Раф по возможности быстро вернулся на базовый плот и сбросил за борт еще два якоря, по одному с каждого борта. Теперь можно было надеяться, что связка стоит на месте. Но именно что только надеяться, поскольку среди вскипающих волн, растворивших в себе горизонт, не имея перед глазами никаких других ориентиров, трудно понять, стоишь ли ты на месте или все еще медленно движешься вперед. На Глубину. Лучше об этом вовсе не думать.

Переместившись по правому борту поближе к носовой части плота, Раф еще раз пристально вгляделся в серый полумрак, который вскоре обещал превратиться в непроглядную тьму. Снесенный на Глубину плот находился на том же месте, что и прежде. И расстояние до него почти не изменилось, – чуть больше ста метров.

Можно было рискнуть.

Да что там! Стоило рискнуть!

Если даже это один из вспомогательных плотов, выручить за него можно столько, чтобы лет на пять поставить свой плот на якорь в тихой заводи и напрочь позабыть обо всех делах. Вот она, мечта плотогона, прыгает на волнах всего-то в сотне метров от тебя. Только доплыви и возьми.

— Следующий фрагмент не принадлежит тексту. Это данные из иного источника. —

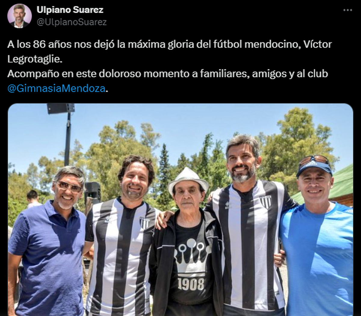 el intendente de Capital, Ulpiano Suarez lo recordó en las redes sociales: "A los 86 años nos dejó la máxima gloria del fútbol mendocino, Víctor Legrotaglie. Acompaño en este doloroso momento a familiares, amigos y al club".
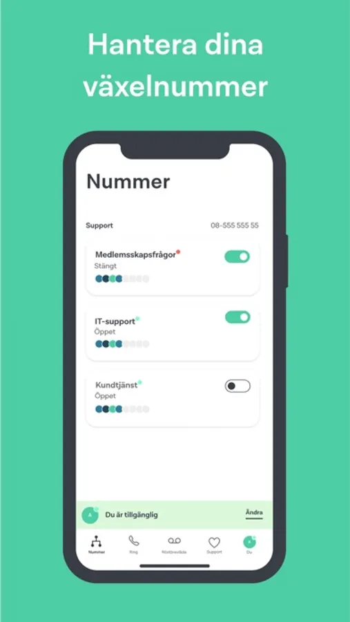* Sätt dig som tillgänglig eller inte tillgänglig för dina växelnummer (Växel Plusanvändare)

Раф освободил зажимы, удерживающие у стены жилой надстройки гладкую, хорошо оструганную и отполированную доску, по форме похожую на большой пальмовый лист, с выступающим килем. Такими досками пользовались для плавания плоскоглазые. Люди переняли у них способ плавания на досках, но все равно догнать на доске плоскоглазого ни разу не удалось ни одному человеку. Оно и понятно, – у плоскоглазых-то перепонки, что на ногах, что на руках, а значит, и загребают они сноровистее. Вот только в шторм плоскоглазые не плавают. Они вообще не любят непогоду. Стоит только тучам небо затянуть, как плоскоглазые забиваются в свои дома, укрытые под плывущими деревьями, и носа оттуда не кажут, пока снова солнце не выглянет.

Для начала Раф проверил, хорошо ли закреплен фал на поясе и легко ли разматывается катушка. Кепку Раф снял и повесил на крючок под узким скатом крыши жилой надстройки. Затем он продел ногу в петлю короткого линька, тянущегося от доски, – это чтобы плавсредство свое не потерять, – откинул одну из секций поручня по правому борту, прижал доску к груди и, коротко разбежавшись, прыгнул в бушующее море.

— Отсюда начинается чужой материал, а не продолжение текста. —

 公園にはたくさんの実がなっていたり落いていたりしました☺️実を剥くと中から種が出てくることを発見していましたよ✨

Волна сразу же подхватила доску, на которой лежал человек, и выбросила ее вверх. Работая ногами и руками, Раф развернул доску в ту сторону, где плясал на волнах ничейный, как он полагал, плот, и поплыл, загребая изо всех сил.

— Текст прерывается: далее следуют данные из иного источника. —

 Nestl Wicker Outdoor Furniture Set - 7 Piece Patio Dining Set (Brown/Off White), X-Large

Прежде Рафу не доводилось плавать на доске в шторм. Не было повода. Оказалось, что огромных усилий для этого не требовалось. Почти то же самое, что плыть по спокойной воде. Вся разница в том, что нужно подлаживаться под ритм волн и стараться не терять из виду цель, до которой надо добраться. Потому что, если промахнешься, то назад вернуться будет ох как не просто. Придется против ветра и волн выгребать.

Но сейчас об этом лучше было не думать. Так же, как и о том, что под тобой холодная бездна, кишащая омерзительными тварями, для которых люди названий не придумали, а плоскоглазые даже и не знали об их существовании, потому что никогда сюда не заплывали.

Хорошо еще, что вода была теплая. Если бы шторм гнал воду с Глубины на Мелководье, то могла бы прийти и такая, в которой через пару минут мышцы сводить начинает.

Раф греб, как заведенный. Точно как гребной механизм, который с полгода назад демонстрировал Отциваннур. Раф как раз за день до этого причалил свою связку к Квадратному острову. Ну, и конечно же, пошел посмотреть на новую игрушку Отци. Зрителей собралось немного, и большинство из них были детьми. Но Отци это не смущало. Присев на корточки на краю тростникового настила, он поставил на воду небольшую модель плотика, с двух сторон которого были установлены вертушки с лопастями. Вертушки соединяли два крепко перекрученных шнурка. В центре между шнурками был вставлен штырек с металлическим грузиком на более длинном конце. Опуская плотик на воду, Отци придерживал штырек пальцем. И, как только он отпустил его, штырек начал крутится, расплетая шнурки, а те в свою очередь заставили крутиться вертушки по краям плота. И игрушечный плот поплыл! И как поплыл! Прыгнувшие в воду, чтобы поймать уплывающую игрушку, дети могли бы и не догнать его. Да только шнурки быстро расплелись, вертушки перестали крутиться, и плот остановился. Отци предлагал любому, кто снабдит его необходимыми материалами, установить такой же механизм на большом плоту. Желающих не нашлось. На Квадратном острове Отци слыл чудаком, хотя и безобидным.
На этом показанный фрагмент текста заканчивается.